What to produce
Using the data below, transcribe exactly everything from the line that contains "Ağrı Dağı’nda nadir" down to the line that contains "Hallo Kitty Halloween". Include both of those lines and none of the pictures.

Given information
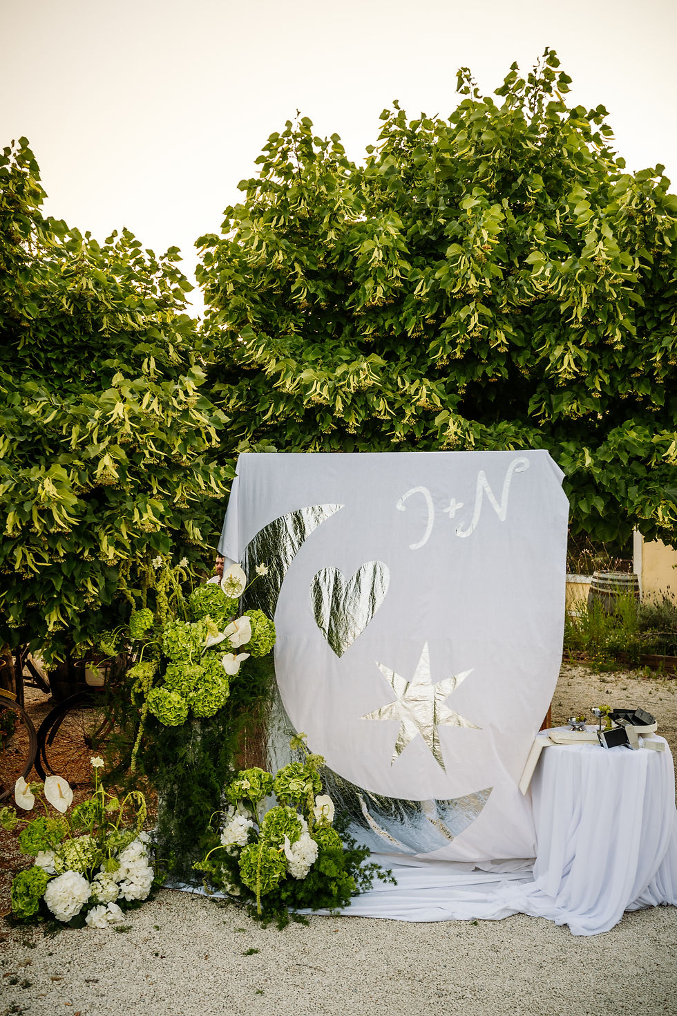 Set among the vines of a Corfu vineyard, this wedding brought together natural surroundings and thoughtful, understated styling. A palette of soft greens and earthy neutrals shaped the design, with layered linens and organic floral touches weaving gently through the tablescape. Simple, elegant details were chosen with quiet intention, allowing the beauty of the landscape to remain at the centre. As day gave way to evening, the setting unfolded into a relaxed celebration, filled with gentle light, warm conversation, and moments of connection beneath the grapevines.
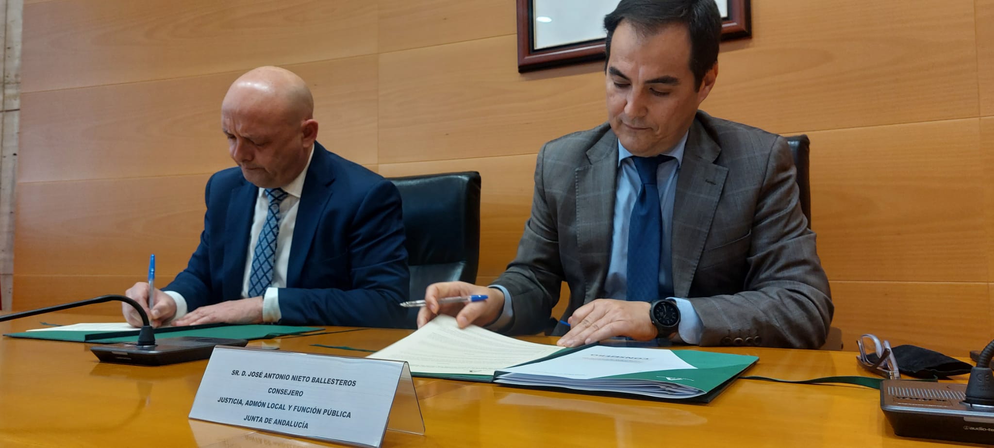 El consejero de Justicia, Administración Local y Función Pública, José Antonio Nieto, y el alcalde de Dos Hermanas (Sevilla), Francisco Rodríguez, han suscrito hoy un protocolo para que la novena ciudad andaluza tenga una “gran sede judicial” mediante la construcción de un edificio anexo al actual para ampliar el espacio disponible.
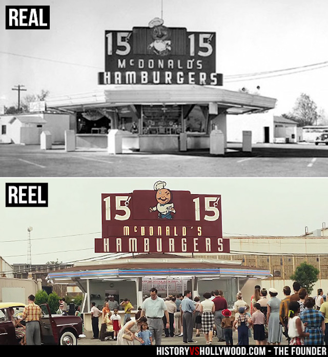 The Founder inizia nel 1954, quando Kroc viene a sapere dei fratelli McDonald e decide di incontrarli. I fratelli gli raccontano la loro storia, e il film la mostra in modo attendibile nella scena che alterna il loro racconto al ristorante con alcune vere immagini di quegli anni. I fratelli – noti come Dick e Mac McDonald – erano nati nei primi anni del Novecento e iniziarono aiutando il padre nel suo ristorante, per poi aprirne uno loro. Nel 1940 i McDonald aprirono un drive-in che faceva soprattutto hot-dog, in California; nell’autunno del 1948 lo chiusero per alcune settimane, per cambiare il modo in cui le cose venivano fatte e vendute, e renderlo più semplice e veloce. Non ci sono prove del fatto che i fratelli andarono davvero in un campo da tennis per disegnare per terra la nuova disposizione del locale e far provare ai dipendenti i nuovi movimenti. È vero anche che prima dell’incontro con Kroc avevano già provato ad aprire altri locali con il nome McDonald, ma che nessuno aveva avuto il successo del loro: quello di San Bernardino mostrato nel film.
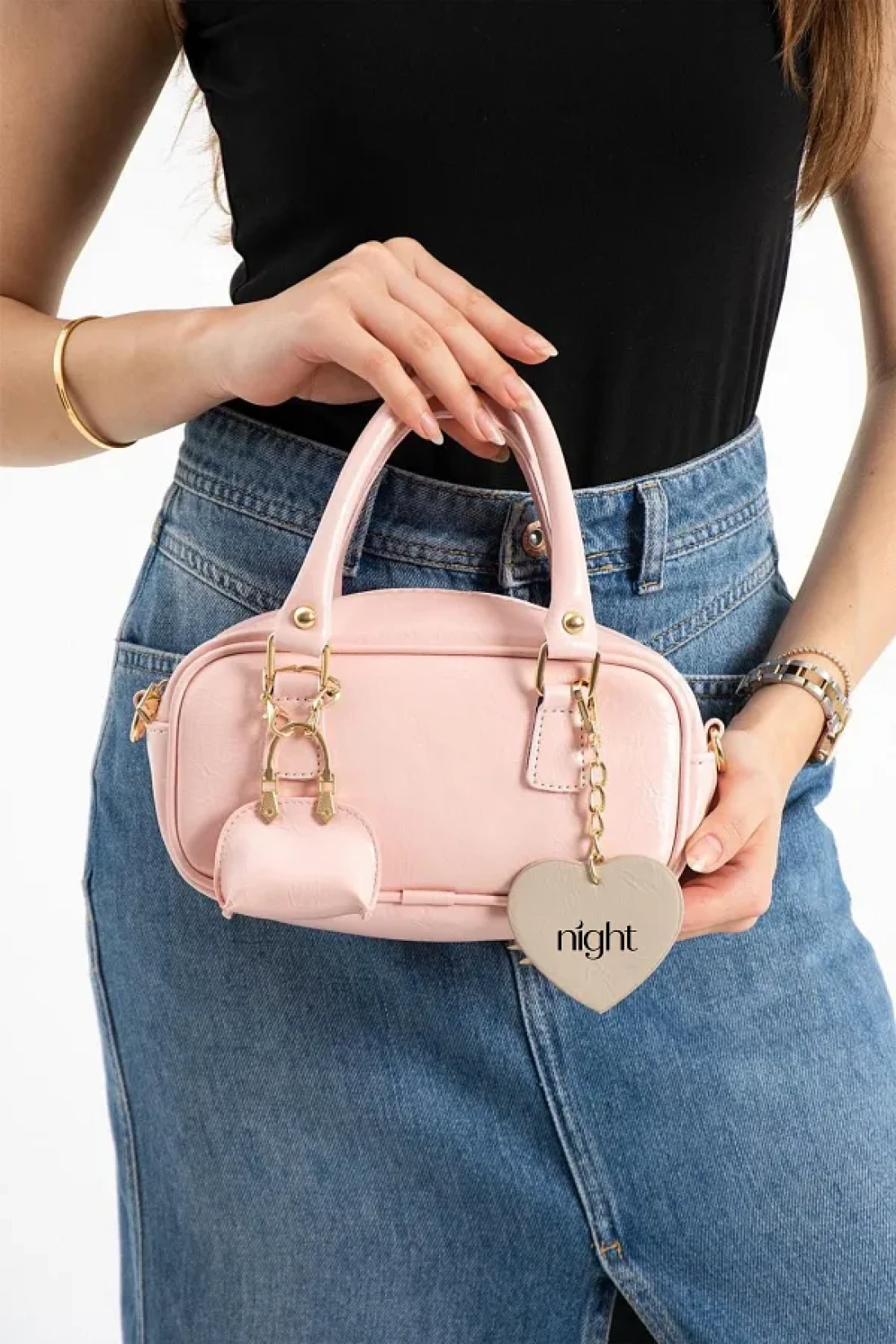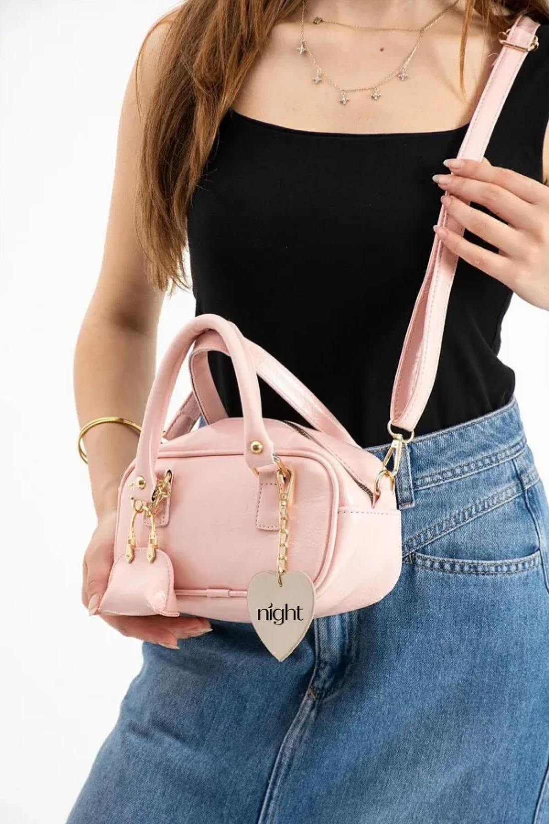 Night حقيبة يد وكتف نسائية من Bonnie Model باللون الوردي الفاتح مع هدية ساحرة
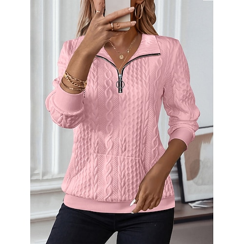 Per donna Blusa Tinta unica Elegante Casual Spiaggia Manica Lunga Colletto a Camicia Top Regolari Quotidiano Cerniera Bianco Rosa Blu Viola Arancione Primavera Autunno Inverno
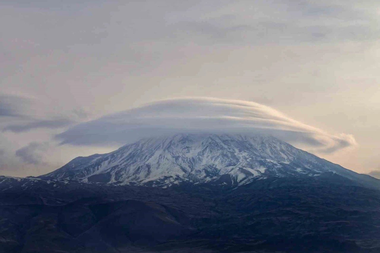 Ağrı Dağı’nda nadir görülen mercek bulutu görsel bir şölen oluşturdu.
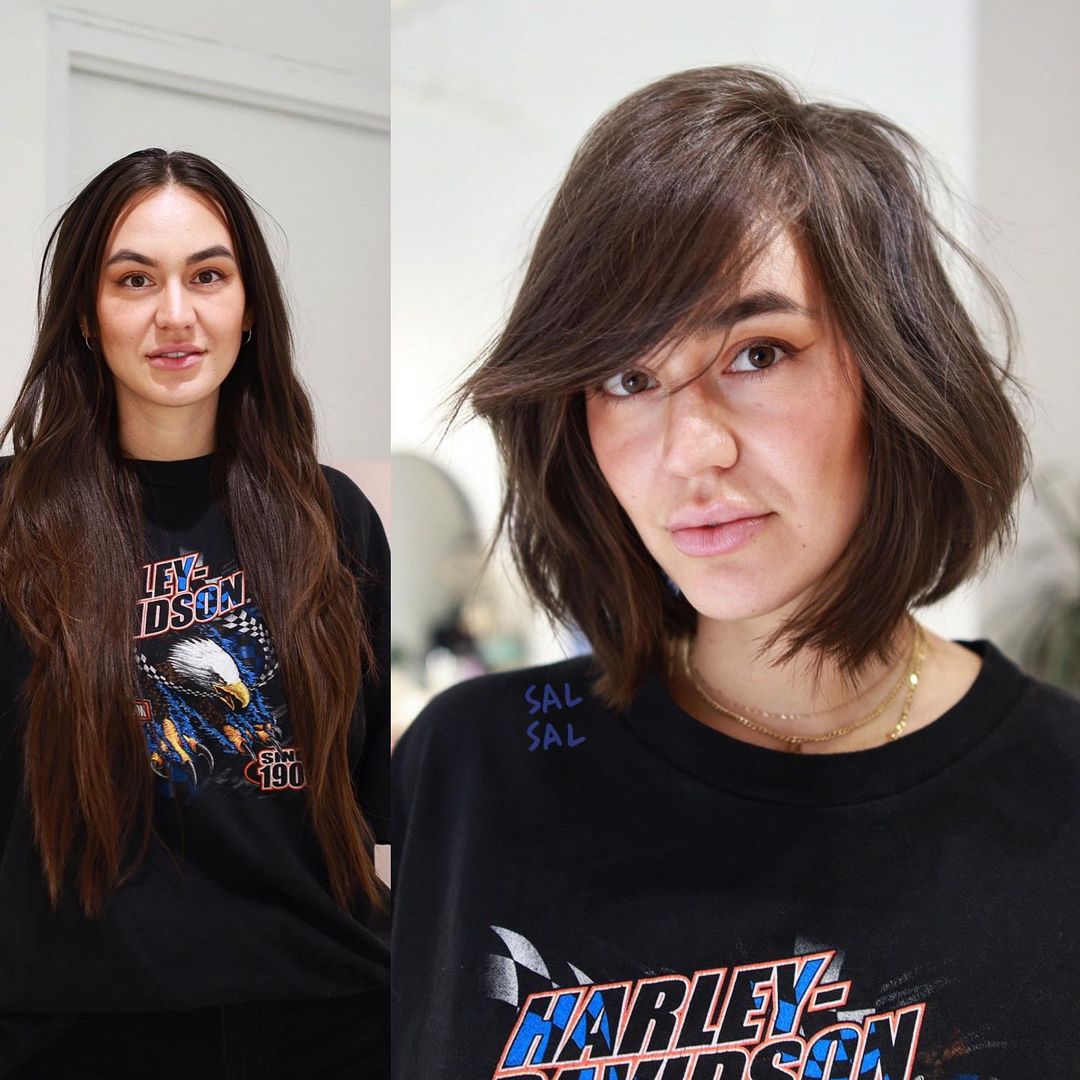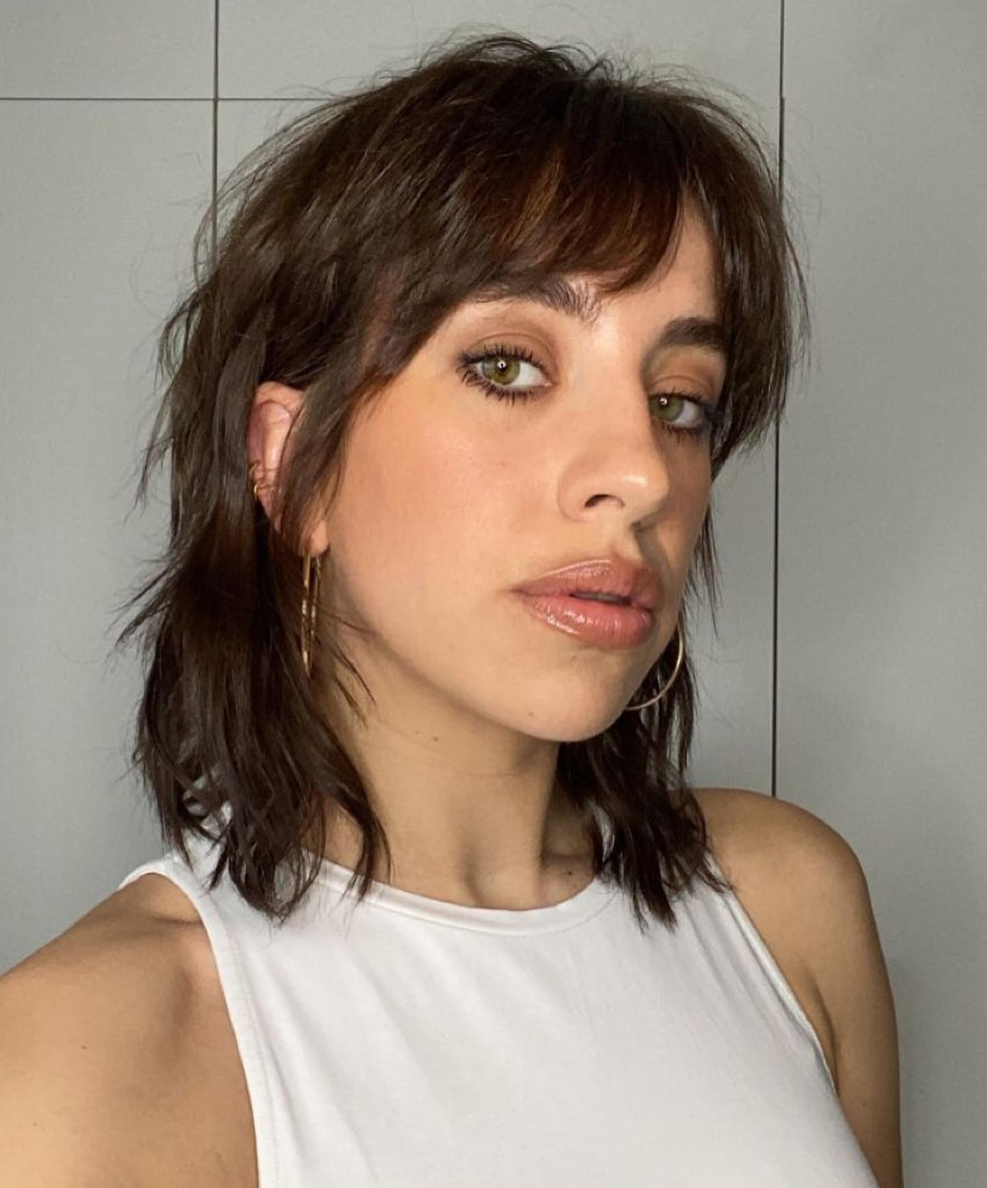 Трендовая стрижка шегги, которая характеризуется текстурированными "рваными" прядями, также хорошо смотрится с косой челкой.
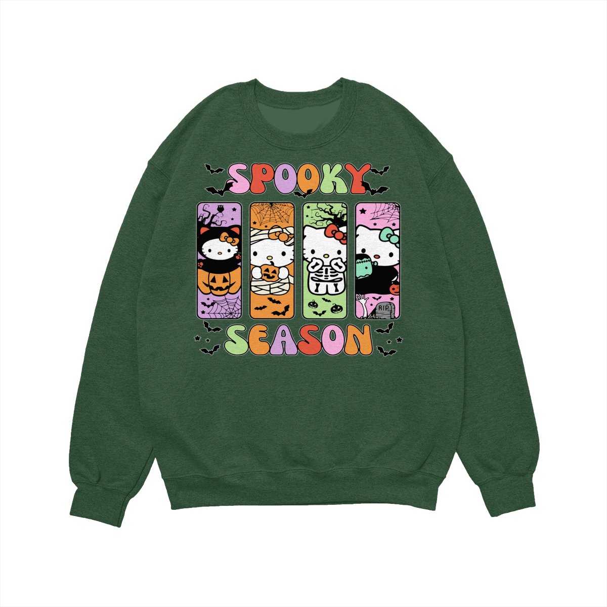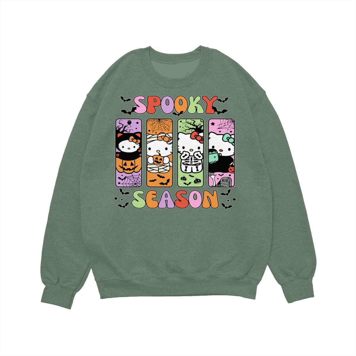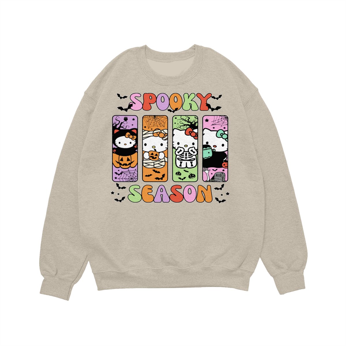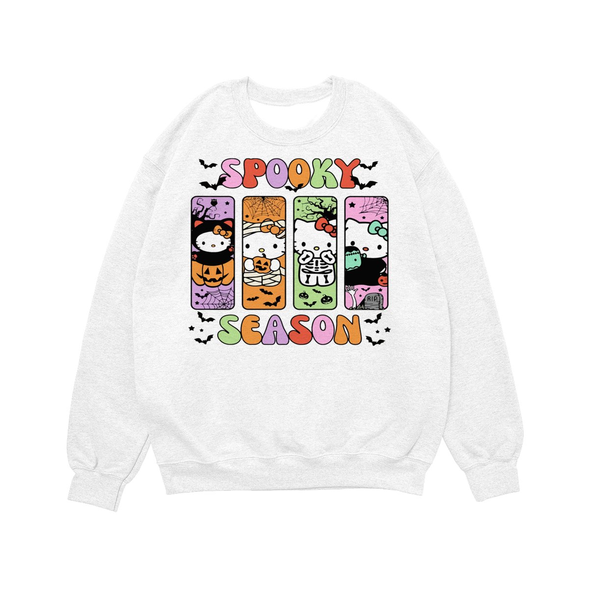 Hallo Kitty Halloween Crewneck TShirt/Sweatshirt/Hoodie, Spooky Ghost kitty Women’s Shirt, Halloween Gift Sweatshirt Cotton Fit Gift Sweatshirt Cotton Fit Unisex Womenswear
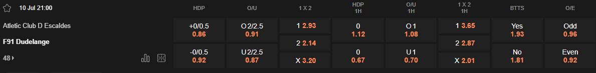 Dudelange thường có xu hướng áp đặt thế trận ngay từ đầu trước các đối thủ yếu hơn, đặc biệt là ở các vòng loại cúp châu Âu. Trong 3/4 trận sân khách gần nhất, họ đều ghi bàn trong hiệp 1 và dẫn trước đối thủ trước khi bước vào giờ nghỉ. Ngược lại, Escaldes lại có thói quen nhập cuộc chậm chạp. Họ từng bị dẫn trước ở cả 2 lần gần nhất chạm trán Dudelange. Việc để đối phương kiểm soát khu trung tuyến và thiếu sức phản kháng khiến Escaldes thường đánh mất thế trận rất sớm. Với sự vượt trội về lực lượng, kinh nghiệm và tâm lý thi đấu, Dudelange thắng hiệp 1 là phương án sáng giá.
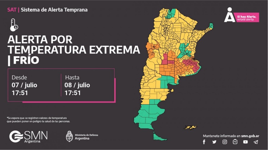 El Sistema de Alerta Temprana (SAT) del Servicio Meteorológico Nacional (SMN) inició la semana con un mapa que realmente sorprende por la dimensión de la ola polar que está afectando a la Argentina.

Result of this task
 Ağrı Dağı’nda nadir görülen mercek bulutu görsel bir şölen oluşturdu.
 Трендовая стрижка шегги, которая характеризуется текстурированными "рваными" прядями, также хорошо смотрится с косой челкой.
 Hallo Kitty Halloween Crewneck TShirt/Sweatshirt/Hoodie, Spooky Ghost kitty Women’s Shirt, Halloween Gift Sweatshirt Cotton Fit Gift Sweatshirt Cotton Fit Unisex Womenswear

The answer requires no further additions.